YOUR ASSIGNMENT ::
Without any pictures, print exactly the lines that run from the start of the data through the line containing "British jewelry brand".

^^^^^^^^^^^^^^^^

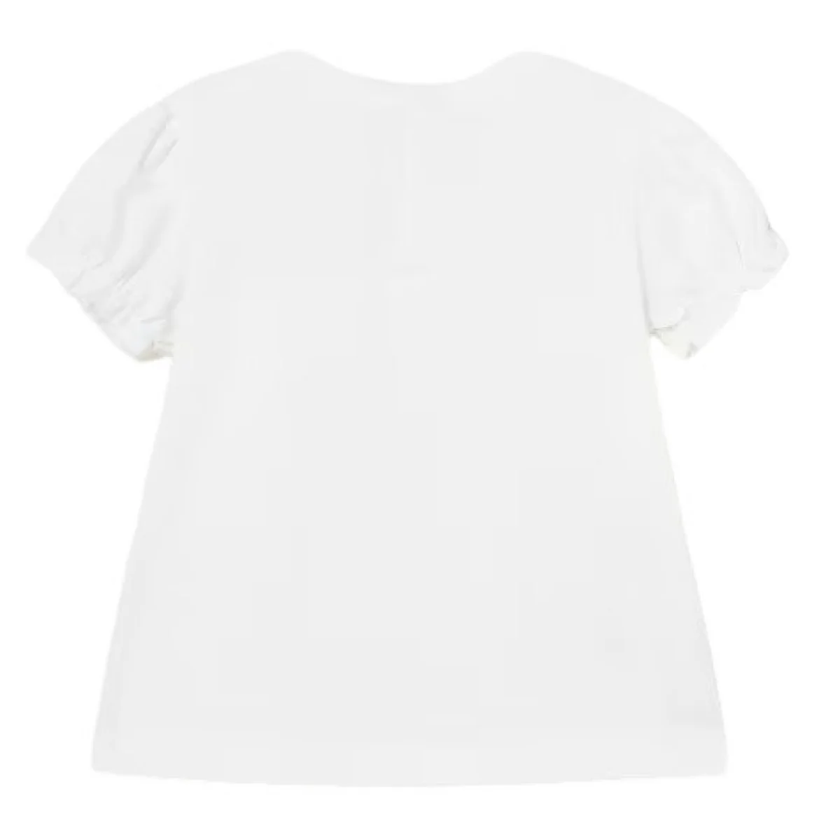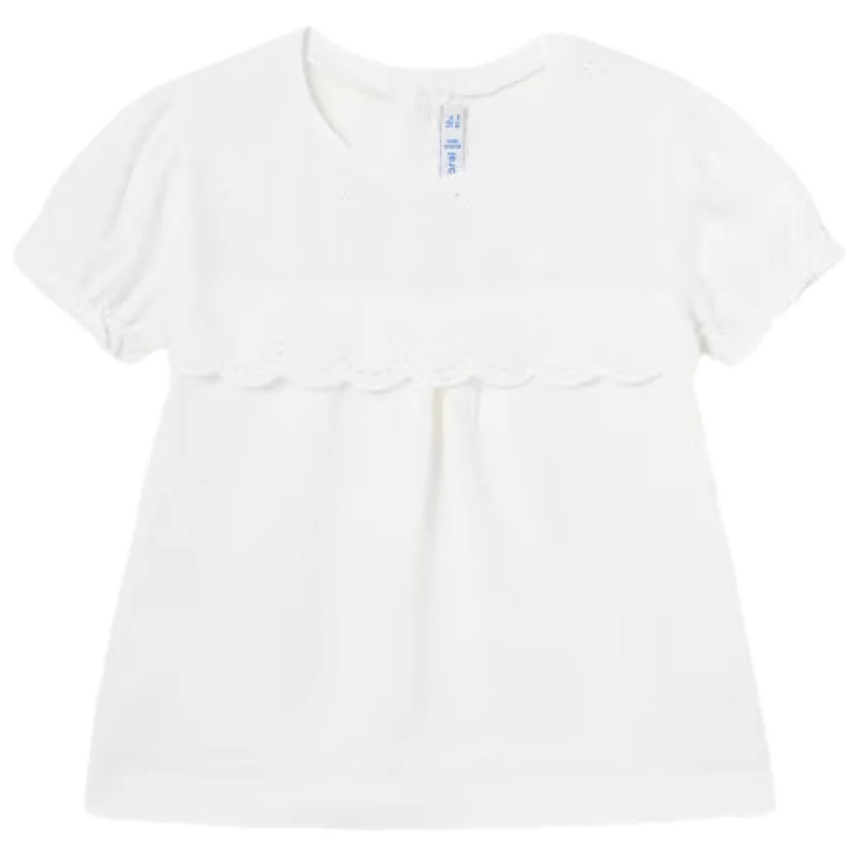 T-shirt MAYORAL in cotone con ricami e trafori applicati, elastico alle maniche, chiusura con clips sul retro.
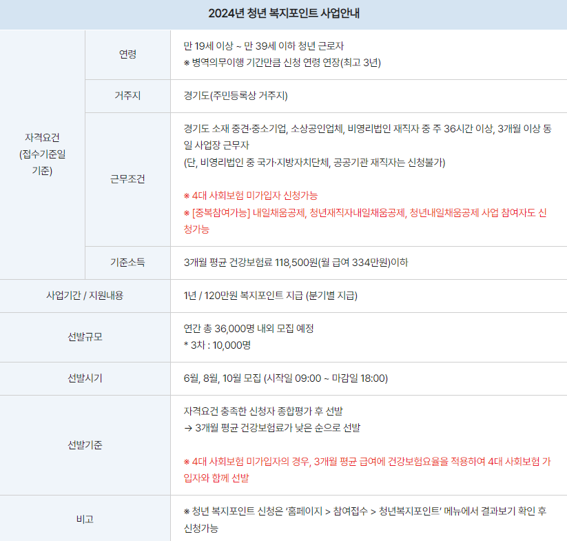 [모집 공고] 2024년 경기도 청년 복지포인트 3차 모집 공고 (10.1.~ 10.11.18시)
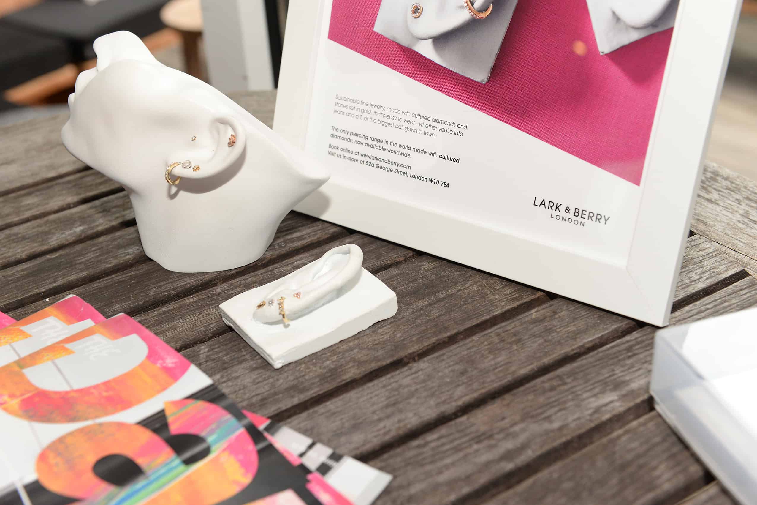 British jewelry brand Lark & Berry displayed a selection of their cutest ear studs and hoops on Gitano’s second floor alongside a free (and extremely popular) piercing station.
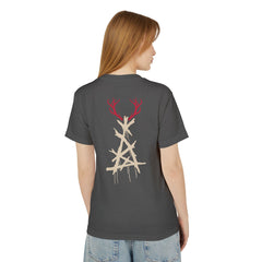 This retro detective tv shirt features a spiral with the words "Time is a Flat Circle" on the front and a large carcosa figure/symbol with deer antlers on the back. This vintage tv show graphic tee shirt is a true piece of memorabilia for fans of Matthew McConaughey, season one, or anybody needing cool gothic detective apparel.
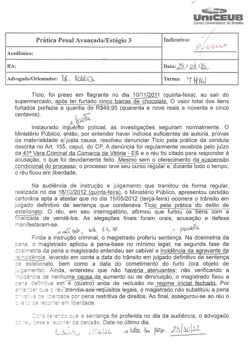 Algo me diz que esta será a peça a ser cobrada na segunda avaliação, agendada para o próximo sábado, dia 23.05.15.
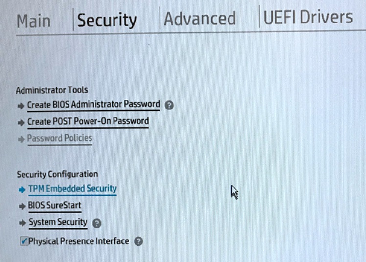 - Switch to Security tab and select TPM Embedded Security, then press Enter.

^^^^^^^^^^^^^^^^

EXERCISE RESPONSE ::
 T-shirt MAYORAL in cotone con ricami e trafori applicati, elastico alle maniche, chiusura con clips sul retro.
 [모집 공고] 2024년 경기도 청년 복지포인트 3차 모집 공고 (10.1.~ 10.11.18시)
 British jewelry brand Lark & Berry displayed a selection of their cutest ear studs and hoops on Gitano’s second floor alongside a free (and extremely popular) piercing station.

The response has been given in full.